Cimestière West Terrace carré militaire

Carré militaire de la première Guerre mondiale,  cimetière de West Terrace à Adelaïde

Après la guerre, le transport aérien commence à se développer en Australie. La compagnie Qantas est créée dès 1920. L’Australie souffre très fortement pendant les années 1930 de la crise économique mondiale et de la réduction du commerce international qui en découle.

Pendant la Seconde Guerre mondiale, les Australiens à nouveau participent aux opérations militaires notamment en Afrique du Nord face à l’Afrika Korps. Mais leur territoire est aussi menacé par la poussée japonaise : certaines villes du nord sont bombardées notamment Darwin. À partir de là les Australiens vont également participer à des opérations dans le Pacifique aux côtés des Américains qui installent leur quartier général à Melbourne.

L’Australie contemporaine : immigration, prospérité et boom minier

Après 1945 l’immigration reprend de plus belle en Australie. Ce ne sont pas seulement des Britanniques mais aussi des immigrants méditerranéens (notamment Grecs, très nombreux à Melbourne). Ce n’est qu’en 1967 qu’un référendum accorde aux Aborigènes leur intégration dans la population.

Depuis la fin de la Guerre Froide (1991) et la réintégration d’Hong-Kong à la Chine (1997), l’immigration vers l’Australie s’est beaucoup diversifiée avec l’arrivée de migrants venus d’Europe orientale, de Russie ainsi que de Chine.

Actuellement l’Australie poursuit sa croissance, en partie grâce au boom minier avec d’immenses mines à ciel ouvert (notamment de bauxite ou de latérites nickélifères), aux échanges avec l’Asie orientale notamment la Chine.

Le sort des Aborigènes : la question des « générations volées »

À l’arrivée des Européens, les Aborigènes étaient estimés à environ 350 000 personnes répartis sur tout le territoire.
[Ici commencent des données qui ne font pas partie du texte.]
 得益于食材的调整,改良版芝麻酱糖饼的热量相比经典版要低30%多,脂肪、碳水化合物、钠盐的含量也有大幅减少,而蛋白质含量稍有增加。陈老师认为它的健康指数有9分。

Leur sort avec l’essor de la colonisation va être dramatique : refoulés sur des terres plus arides ; employés comme main-d’œuvre dans les immenses domaines du bush ; rongés par l’alcoolisme.
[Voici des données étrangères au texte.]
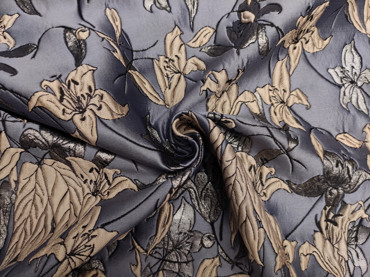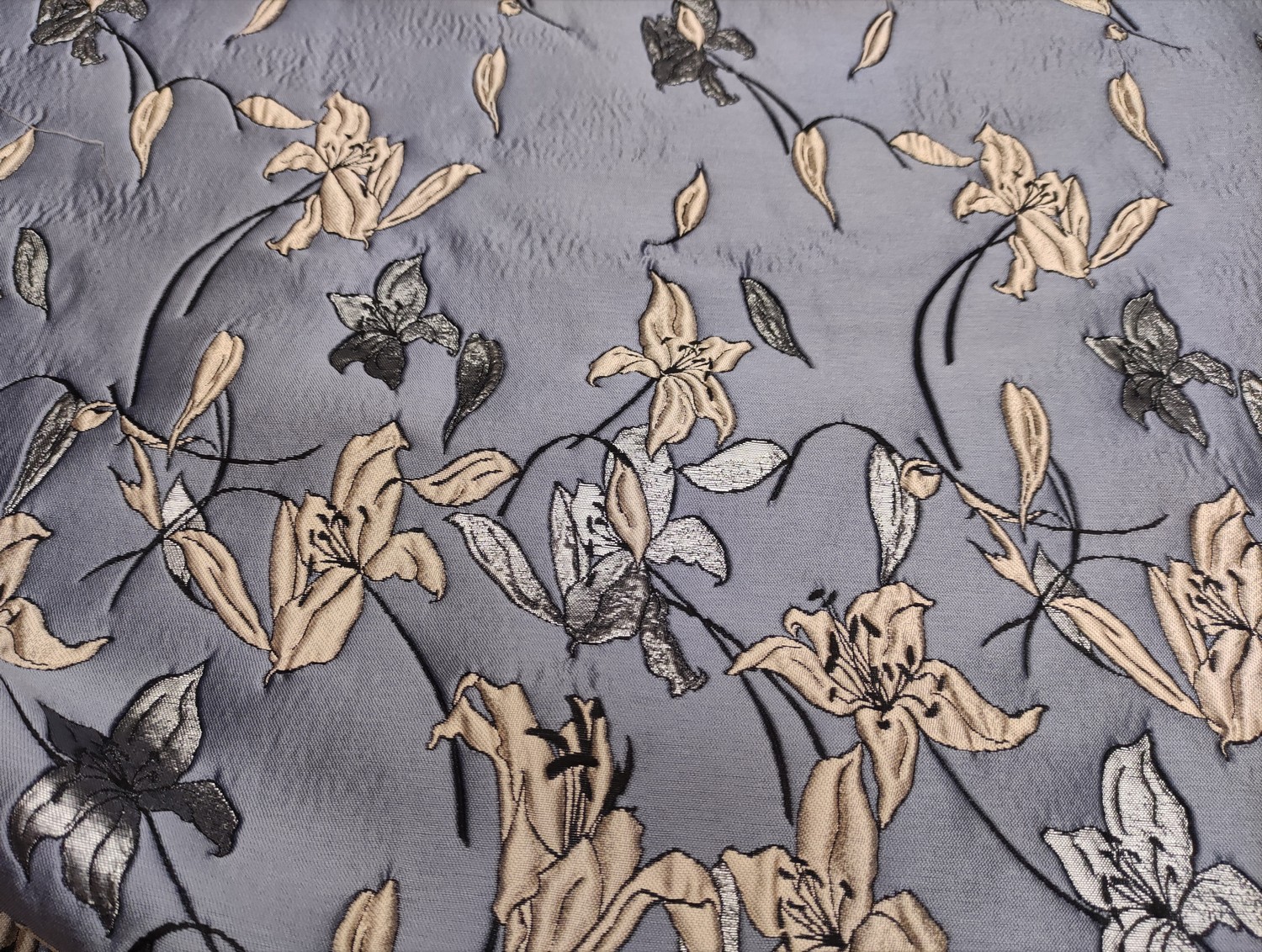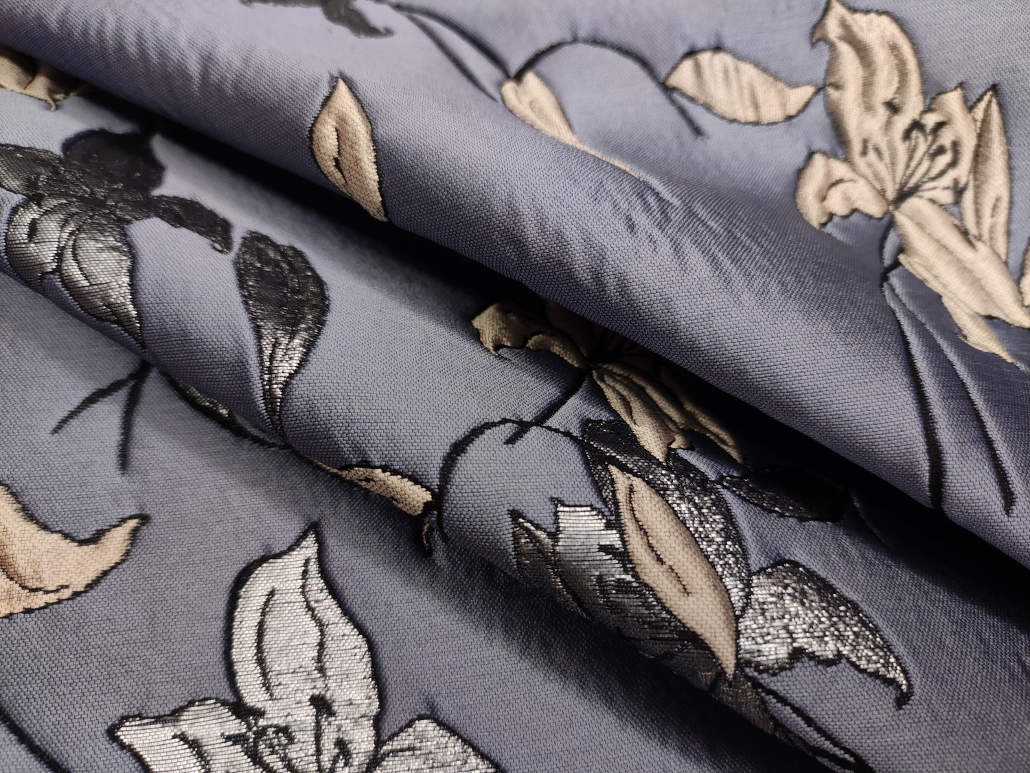 Tessuto Broccato in seta motivo floreale avio – argento

Un épisode qui a été récemment mis en lumière est celui des « générations volées » : ces petits métis aborigènes, enfants naturels enlevés à leur mère aborigène dans les réserves et envoyés dans des orphelinats australiens pour être éduqués comme des blancs. Dès 1869 une loi a permis de saisir les métis et elle a été appliquée jusqu’en 1969. Ainsi en 1930 le Protecteur en Chef des Aborigènes d’Australie occidentale, écrivait dans un article pour The West Australian : « Éliminons les Aborigènes pur-sang et permettons la mixture des métis parmi les Blancs, et peu à peu la race deviendra blanche. »

Un rapport gouvernemental est d’abord remis en 1997 au gouvernement : il est accablant pour les autorités australiennes dont l’objectif était l’éradication progressive des Aborigènes.

L’année suivante une journée du pardon (National Sorry Day) est organisée dans le but de promouvoir une réconciliation nationale.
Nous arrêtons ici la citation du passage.